In Timothy Thiesing v. Dentsply, 2010 U.S. Dist. LEXIS 102372, the former employee (Timothy Thiesing) challenged Dentsply’s non-compete agreement arguing that it was not supported by consideration. About three years after Thiesing started working, Dentsply presented him and all of its other sales representatives with an agreement during an annual meeting in Dallas. The employees were told to sign the agreement or they would be fired. Understandably, Thiesing signed the agreement. Later, he argued that it was not supported by consideration.
In its search for consideration, the court examined two provisions of the agreement. First, it reviewed a Garden Leave clause in which Dentsply promised to pay Thiesing his base salary for the two-year duration of his non-compete so long as he could document conscientious efforts to find other work. The court concluded this provision did not constitute consideration in support of the non-compete clause because Dentsply was not unconditionally bound to pay Thiesing. Rather, Dentsply retained the option to not pay Thiesing if he failed to conscientiously seek other employment, and Thiesing would nonetheless remain bound by the non-compete.
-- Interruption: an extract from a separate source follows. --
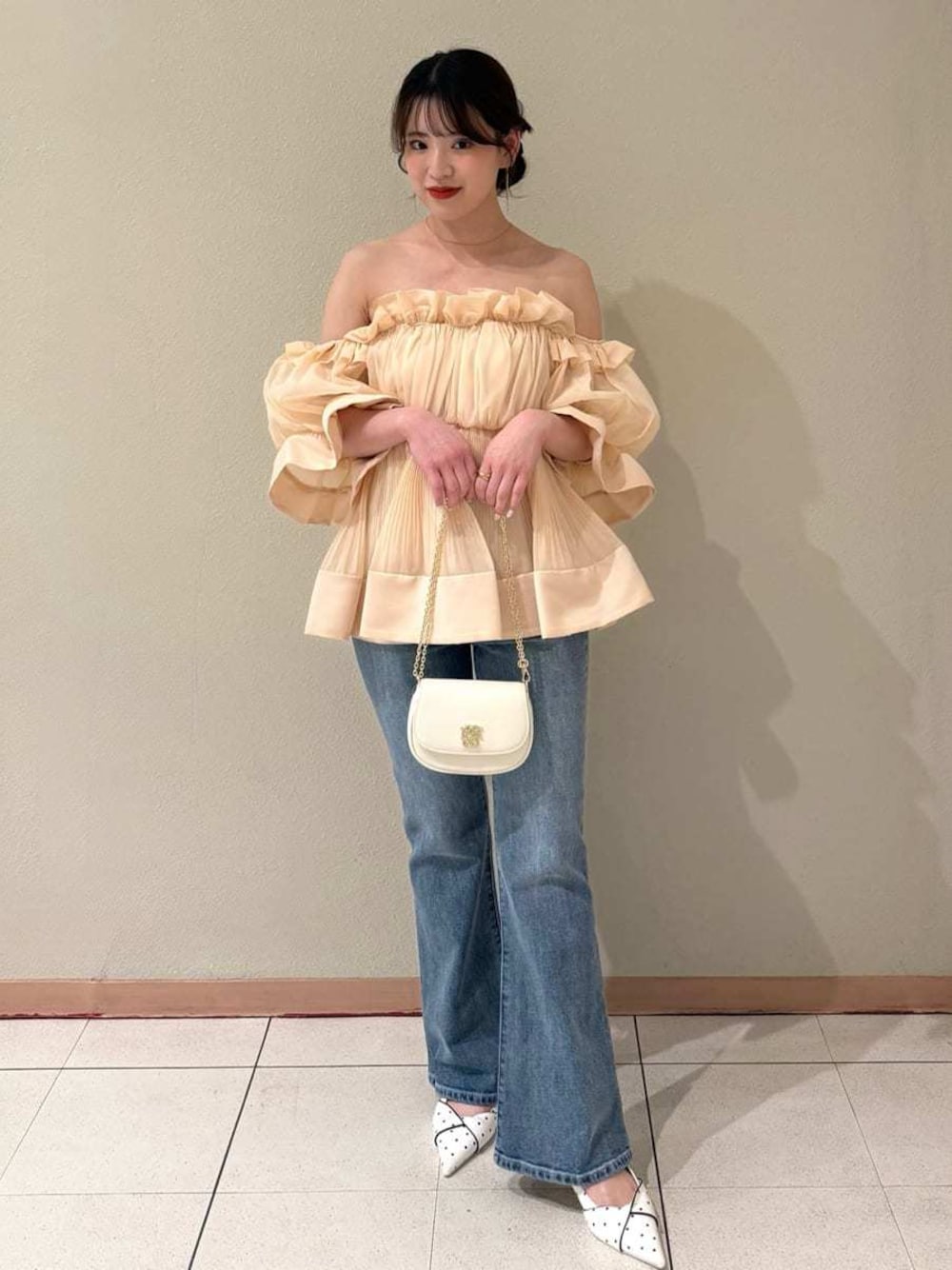 毎年人気アイテムが今季はチュニック丈で登場💓 オフショルで肌見せも可愛いし肩あげて着ても上品に着れるのが嬉しいですよね☺️🎶 身長:156cm 店舗名:熊本鶴屋店店

Next, the court considered a separate provision of the agreement in which Dentsply agreed to pay Thiesing the difference between his salary at a new job and his salary last received at Dentsply if the non-compete clause prevented him from securing a job of equal or greater pay. Unlike the Garden Leave provision, Dentsply’s obligation in this regard was unconditional. Accordingly, the court found that it qualified as consideration warranting the enforcement of the agreement. Acknowledging that it had previously found the Garden Leave provision to be insufficient consideration, the court noted that “a promise is not rendered unenforceable by the fact that part of the consideration for it is invalid.... In other words, one valid consideration is enough.”